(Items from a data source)
--------
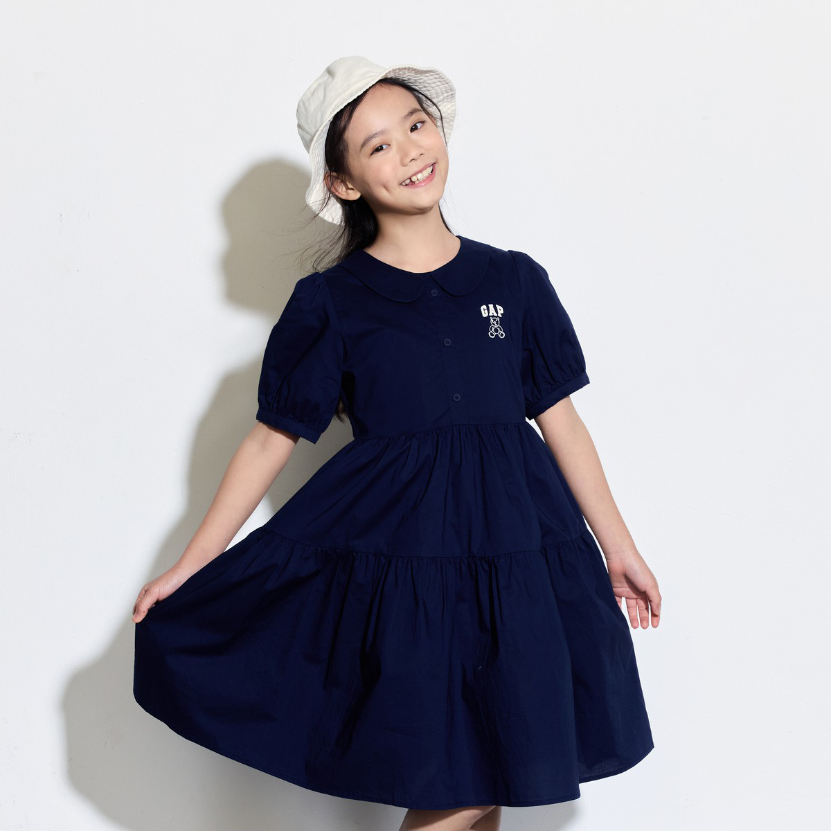 Gap女童2024春秋季翻领泡泡袖抓褶双层连衣裙儿童装洋装514871 031898
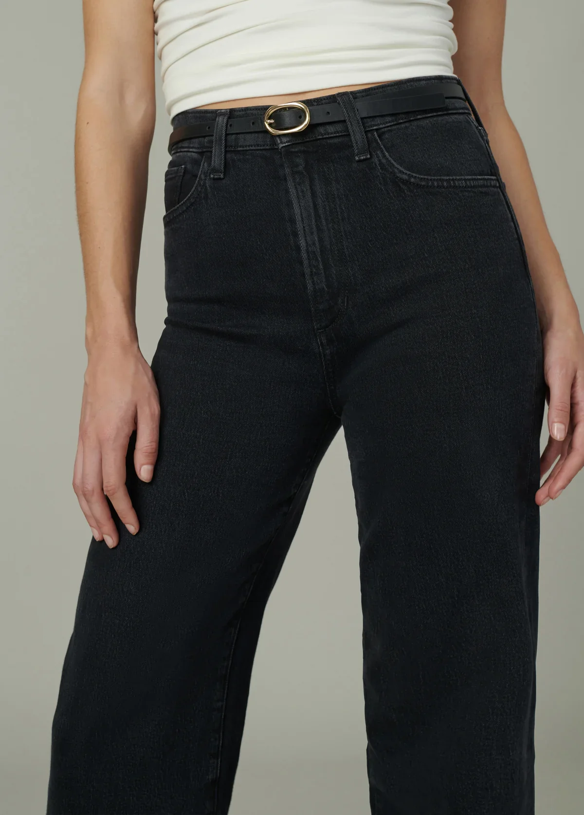 Coupe ajustée à la taille et aux hanches, taille haute et jambes larges sur toute la longueur.
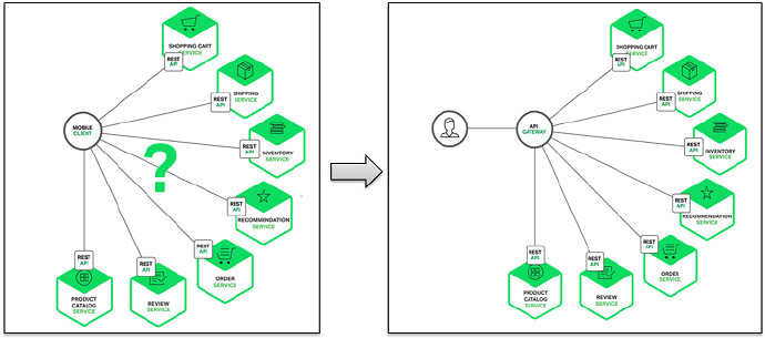 那么對于復雜的各個模塊間的點對點調用,就需要有一個類似ESB總線的中間件將這些接口服務統一管理起來,以實現對服務注冊,安全,流控,日志審計,消息,代理和路由的統一管理。而這些轉到微服務架構后即是由微服務網關來完成。
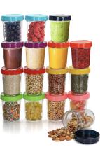 Belle Vous Lot de 16 Pot en Verre avec Couvercle en Plastique – 350ml Petit Pot Verre Rond Transparent Réutilisable et Hermétique - Sans BPA/Plomb - Lave-Vaisselle et Micro-Ondes - Pour Collations
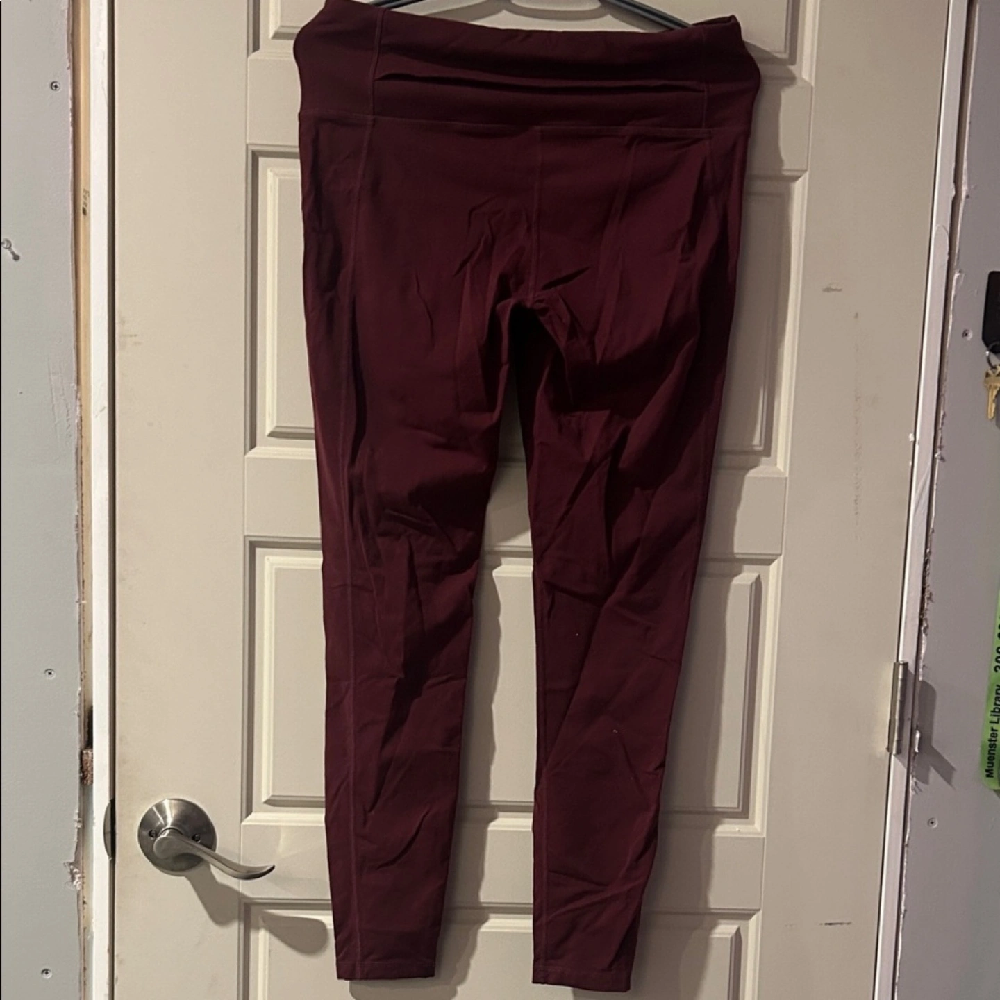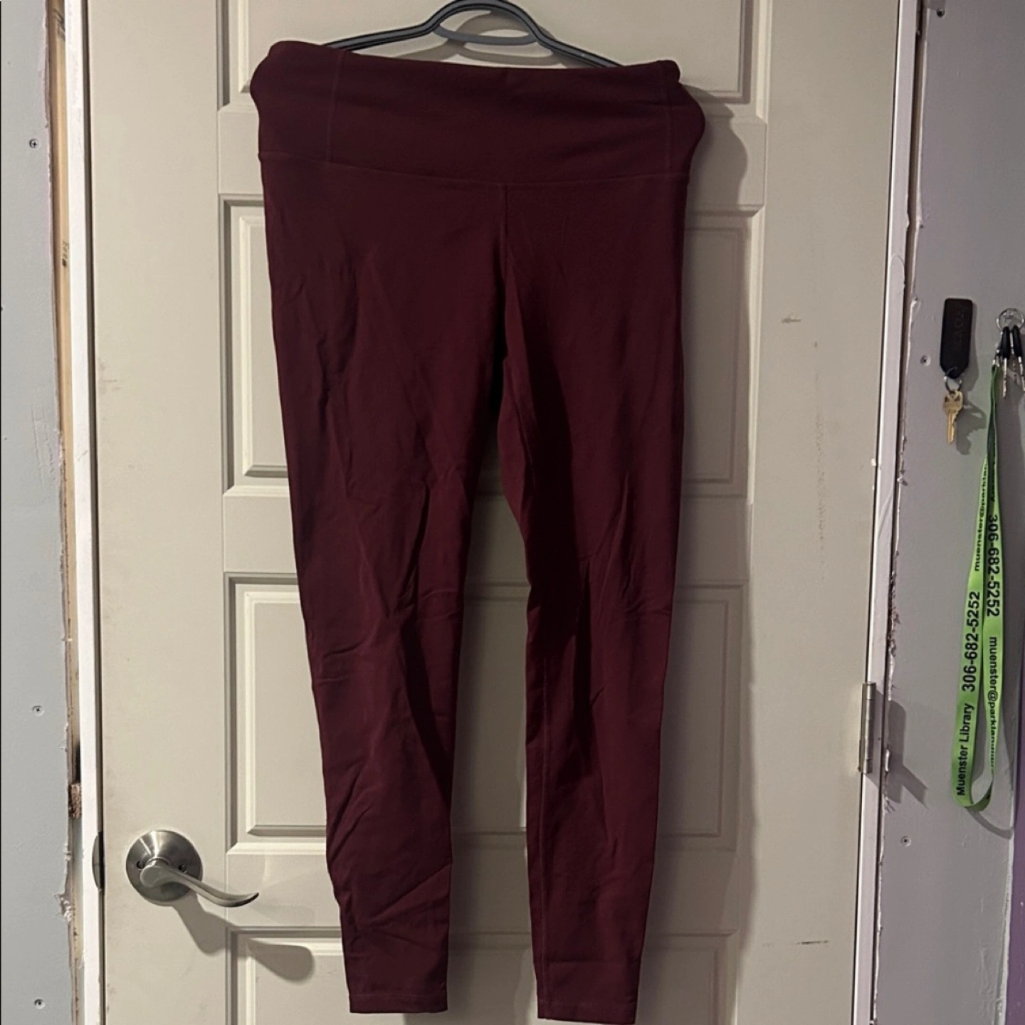 I'm selling a pair of Shambhala leggings in a lovely burgundy colour! They are a size L/G and are in great condition. Perfect for yoga, running errands, or just lounging around the house
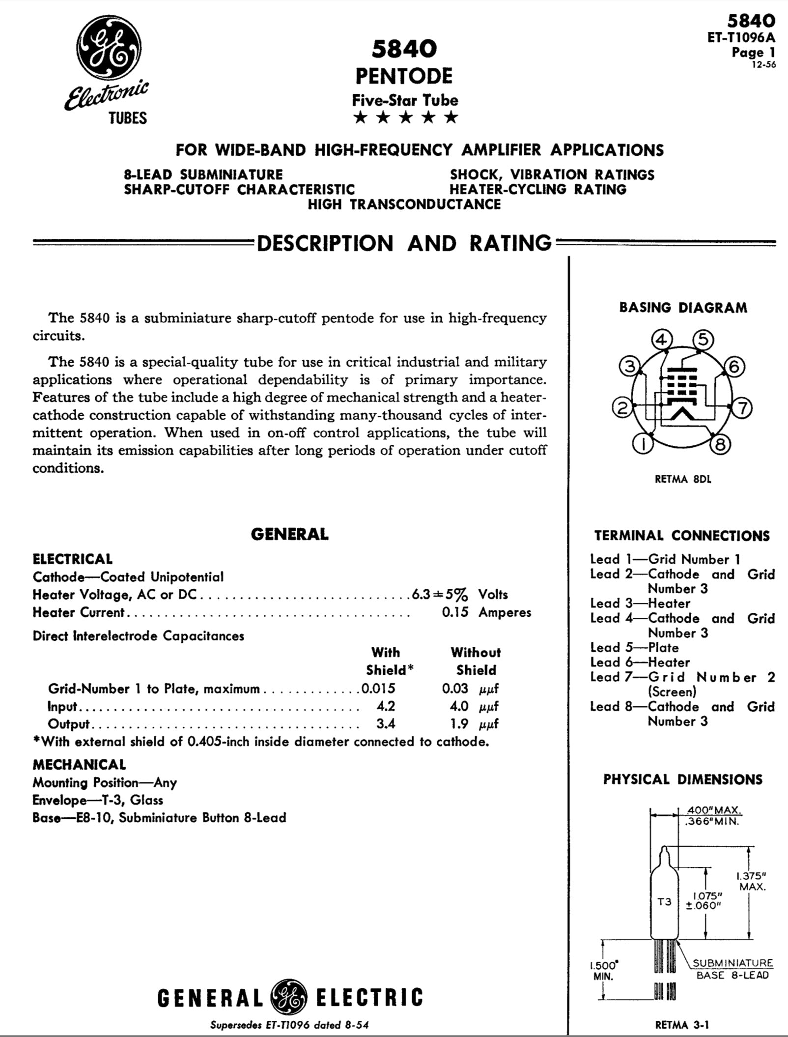 5840 5840W CV3929 EF732 SYLVANIA FOR TELEFUNKEN AK-47 MkII & ELA M260 MICROPHONES
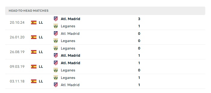 Lịch sử đối đầu Leganes vs Atl Madrid
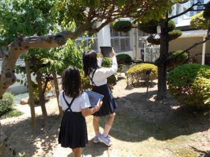 正門近くの梅の木に、梅の実がたくさんできていたり、いろいろな花が咲いていました。
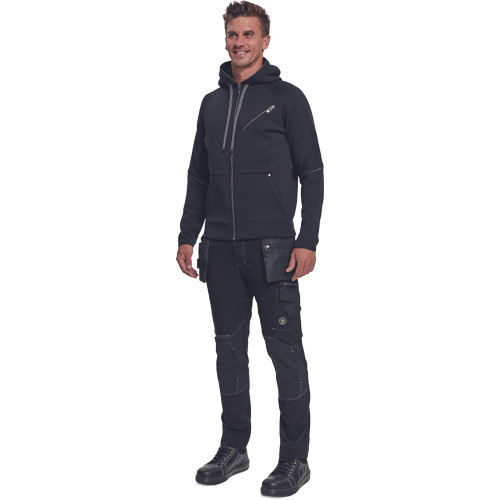 • férfi kapucnis, cipzáras pulóver • zsinórral állítható kapucnival • 2 mély zsebbel • 1 cipzáras mellzsebbel • fényvisszavető elemekkel kiegészítve80 % poliészter, 14 % viszkóz, 6 % elasztán, 300 g/m²
--------
Exercise:
All entries should be reproduced exactly; no picture belongs in the result.

Task answer:
 Gap女童2024春秋季翻领泡泡袖抓褶双层连衣裙儿童装洋装514871 031898
 Coupe ajustée à la taille et aux hanches, taille haute et jambes larges sur toute la longueur.
 那么對于復雜的各個模塊間的點對點調用,就需要有一個類似ESB總線的中間件將這些接口服務統一管理起來,以實現對服務注冊,安全,流控,日志審計,消息,代理和路由的統一管理。而這些轉到微服務架構后即是由微服務網關來完成。
 Belle Vous Lot de 16 Pot en Verre avec Couvercle en Plastique – 350ml Petit Pot Verre Rond Transparent Réutilisable et Hermétique - Sans BPA/Plomb - Lave-Vaisselle et Micro-Ondes - Pour Collations
 I'm selling a pair of Shambhala leggings in a lovely burgundy colour! They are a size L/G and are in great condition. Perfect for yoga, running errands, or just lounging around the house
 5840 5840W CV3929 EF732 SYLVANIA FOR TELEFUNKEN AK-47 MkII & ELA M260 MICROPHONES
 Lịch sử đối đầu Leganes vs Atl Madrid
 正門近くの梅の木に、梅の実がたくさんできていたり、いろいろな花が咲いていました。
 • férfi kapucnis, cipzáras pulóver • zsinórral állítható kapucnival • 2 mély zsebbel • 1 cipzáras mellzsebbel • fényvisszavető elemekkel kiegészítve80 % poliészter, 14 % viszkóz, 6 % elasztán, 300 g/m²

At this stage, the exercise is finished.